In fact, this little experiment has rekindled my interest in (.NET-based) app development and I might look into this again over the course of the next year (getting an app into the iOS app store would actually make for a great new year's resolution 😆).

The code for this app can be found on GitHub at z1c0/SimpleOcr2.

Happy Holidays 🎄🎅

For everyone who made it that far in this blog post I added a little extra.

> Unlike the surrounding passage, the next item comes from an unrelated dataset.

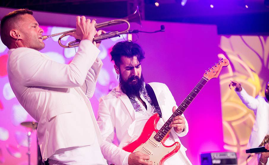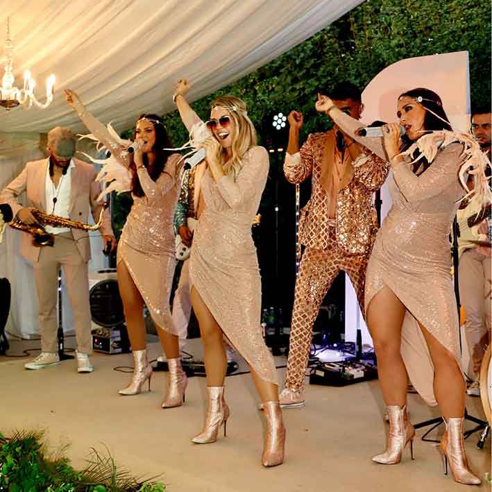 Incorporating wow factor choreography and staging into their impressive live shows, the musicians in our function band don’t just sing, they perform. Band members have worked with international superstars including Kylie, Ed Sheeran, James Arthur, Imelda May, Rod Stewart, Rhianna, Justin Timberlake, Robbie Williams, Katy Perry and many more. They also regularly perform at the world’s most beautiful venues like The Dorchester, The Savoy and Hilton Park Lane, not to mention huge events like The Royal Variety Show and Dubai Film Festival.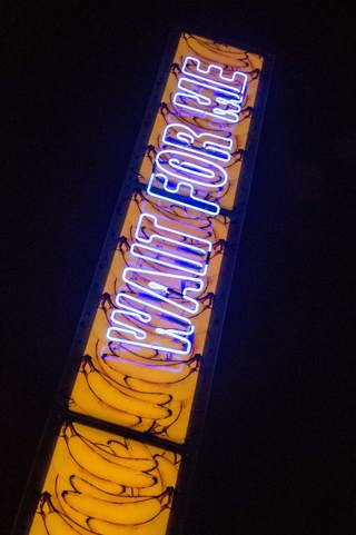 In the works Don’t Dream it’s Over, artist Janet Lilo has used her striking banana motif and sharp neon elements to illustrate Karangahape Road’s melting pot of history, cultural heritage and community diversity.

Since you probably came here from dotnet.christmas I decided to give this app a little Xmas touch.

For Newport, I had written ParticleControl, a small particle system that could be used for various effects, like e.g. falling snowflakes. So I also ported this custom control to MAUI and now the SimpleOcr2 app can "let it snow ❄️ ❄️ ❄️".

The SimpleOcr2 app with the added snowfall effect

Happy Holidays and Merry Christmas 🎄🎅!